▶ [Data records]:
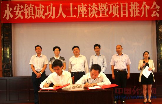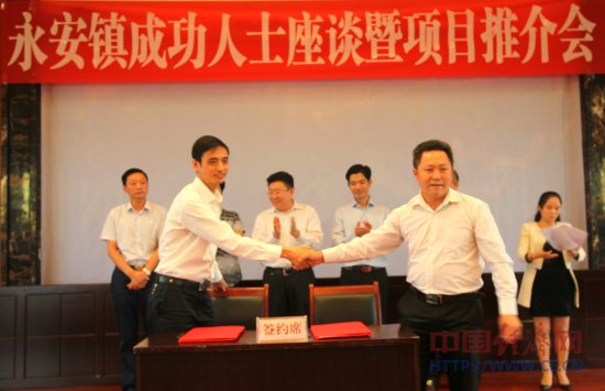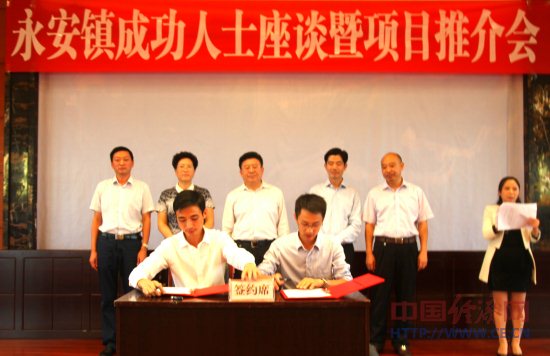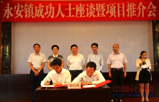 在当天的投资推介会上,永安镇人民政府镇长缪体强分别与永安建筑公司董事长熊世明,自贡市汇龙堂文化艺术有限公司总经理杨世平等签订了总投资1亿元的合作项目。包括总投资1000万元,能容纳200位老人的生态农业、老年养生、旅游观光的康疗中心。总投资2000万元,发展占地1000亩的无花果基地。总投资3000万元的永安特色养殖基地。以及引进自贡市汇龙堂文化艺术有限公司计划总投资3000万元,建设占地100亩的永安仿真恐龙旅游观光园。四个项目的同时签约,将为永安经济的发展再添新砖。
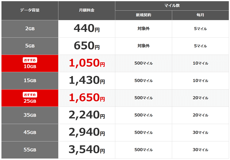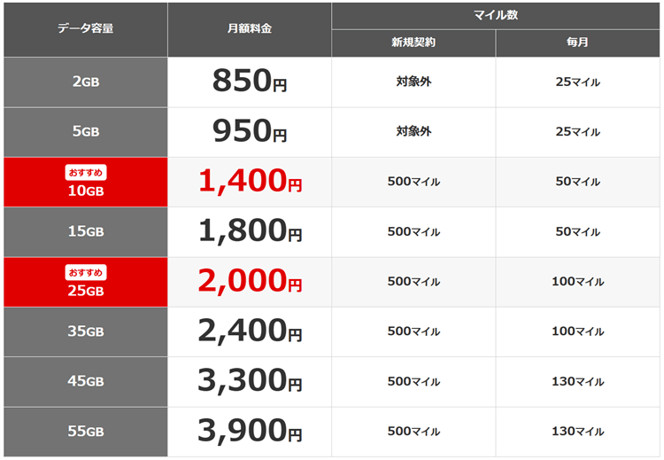 毎月の料金プランに応じてJALマイルが貰えるようになります!
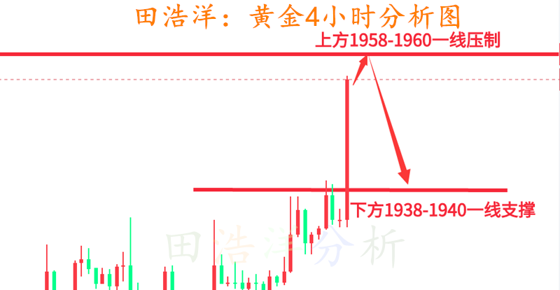 每一个早晨,都是一个愉快的邀请,每一天的行情,都是一个新的种子,在遥远的城市,陌生的地方,也有可能未曾见过山与海。但是在市场的波澜中尽是奇山异海的美景,值得高兴的是今天还能在市场中见到各位,然而空集是最容易被遗忘的子集,最朴素的生活,与最遥远的梦想,即使今天天寒地冻,起航的热血之心依然沸腾。 目前黄金已经突破前期高点1938-1940强压制,而随着CPI数据的公布上方1942-1945的分割压制也已强势突破,而目前4小时指标macd金叉放量运行,灵动指标sto勾头向上修复,所以4小时当前还是属于一个强势向上的走势!整体结合日线和4小时线大方向来看,上方进一步的压制则是在1964一线压制! 从4小时分析图来看,上方短期重点关注1960-1964一线阻力,下方短期重点关注1938-1940一线支撑,各位朋友一定要跟上节奏。要控制好仓位及止损问题、严格设止损,切勿抗单操作。近期市场动荡幅度较大,机会与风险并存,控制风险再博收益。耐心等待关键点位进场具体操作策略我会在盘中提示,及时关注。 黄金操作策略: 1、黄金反弹1958-1960附近做空,止损1966,目标1945-1940附近,破位看1935一线; 文/田浩洋(VX:thy7818)专业国际市场点评,针对实际市场参与者,考虑到部分市场窗口对于实盘交易具有一定的时效性可关注笔者,从而能够选择合适的策略进行操作。对黄金、原油、白银等大宗商品有深入的研究,如果你做单不顺或投资经常资金缩水,那么你可以关注田浩洋本人。
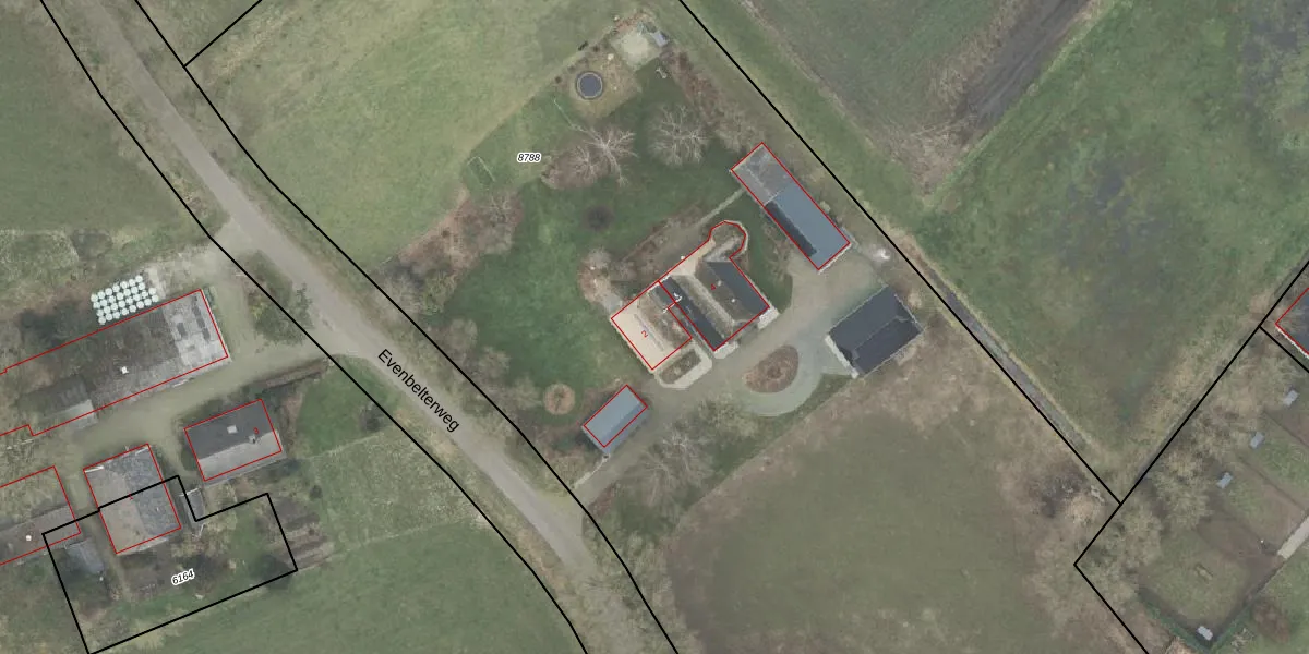 Het perceel waarop Evenbelterweg 2 staat heeft een oppervlakte van 1,0 ha. Dit is een zeer groot perceel. De perceeloppervlakte wordt geregistreerd door het Kadaster. Gedetailleerde informatie over de maten van dit perceel kunt u vinden in het rapport Kadastrale kaart met maatvoering van Evenbelterweg 2.
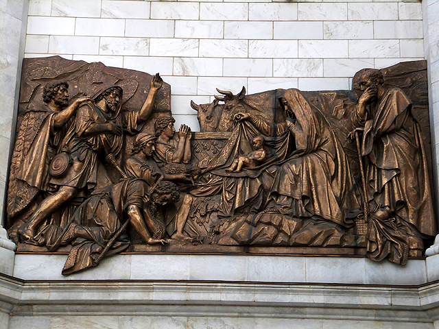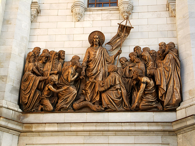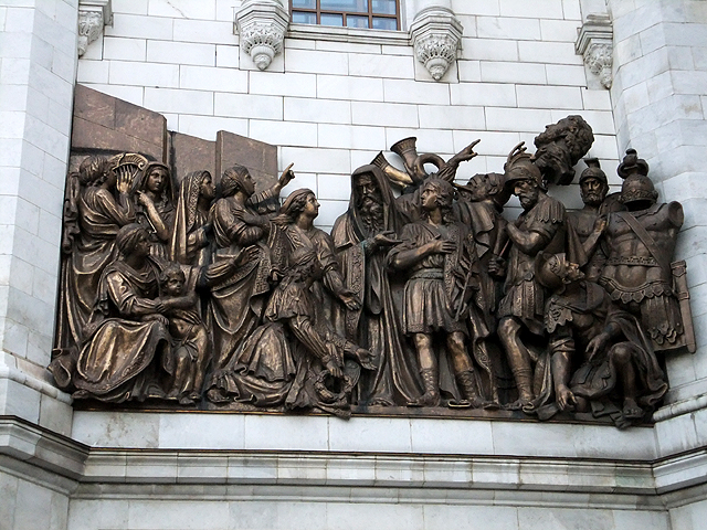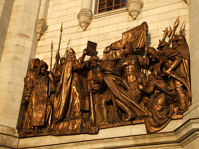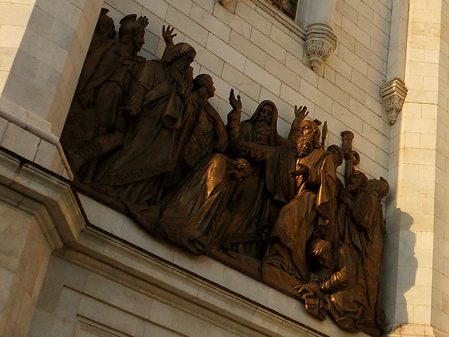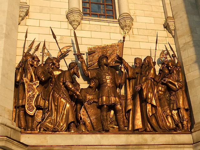 由於教堂建立與戰爭勝利頗有淵源,因此雕作也記述俄國爭戰歷史,有主教在波蘭之役幫英雄「米寧與波扎爾斯基」祝禱,亦有聖像為「德米特里」(Dmitry Donskoy)與韃靼對戰加護。這些作品人物構圖豐富,背景衣紋細膩,肅穆神情散發著沉凝氛圍,令我不時駐留定望。
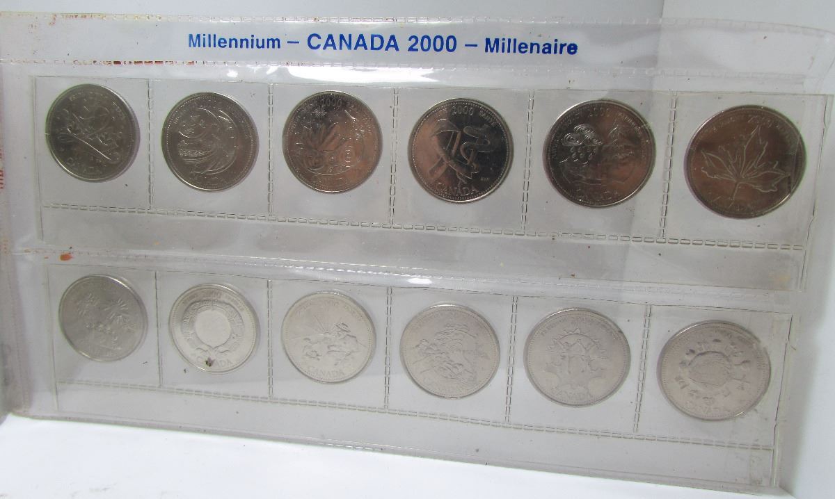 3 Canadian Quarter Collections, In Plastic Sleeves: 1 x Canada 125th Anniversary Quarters (12), 1 x 1999 Canada Millennium Quarters (12), 1 x 2000 Canada Millennium Quarters (12)
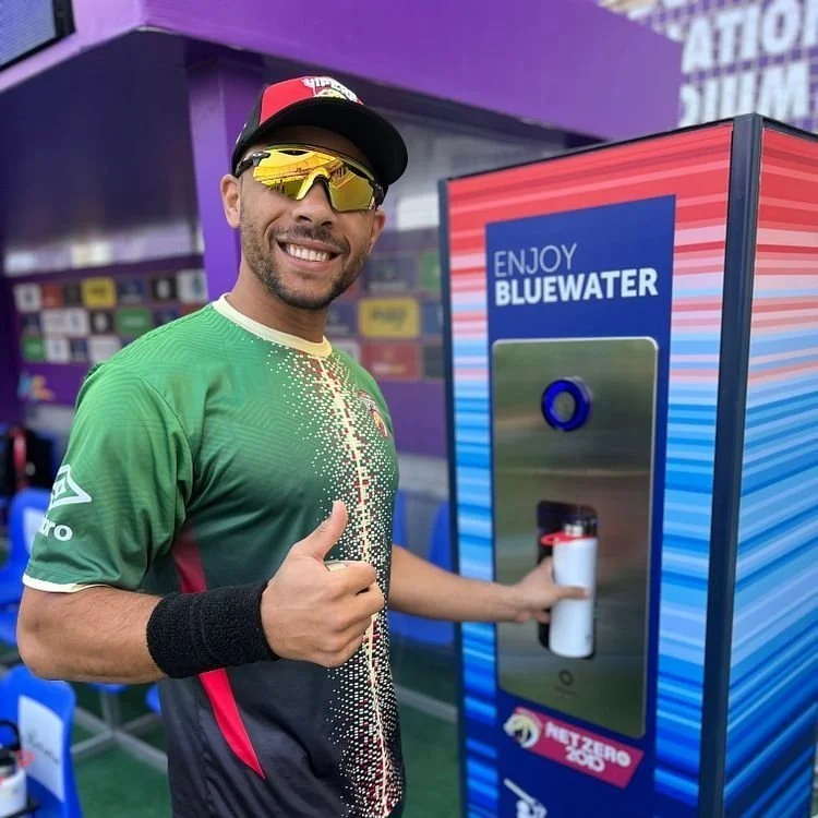 Tymal Mills of Desert Vipers fills his reusable bottle

▶ [Required work]: In the records above, the lines from the one containing "3 Canadian Quarter" through the last line are to be written out exactly, both ends included and pictures omitted.

▶ [Expected answer]:
 3 Canadian Quarter Collections, In Plastic Sleeves: 1 x Canada 125th Anniversary Quarters (12), 1 x 1999 Canada Millennium Quarters (12), 1 x 2000 Canada Millennium Quarters (12)
 Tymal Mills of Desert Vipers fills his reusable bottle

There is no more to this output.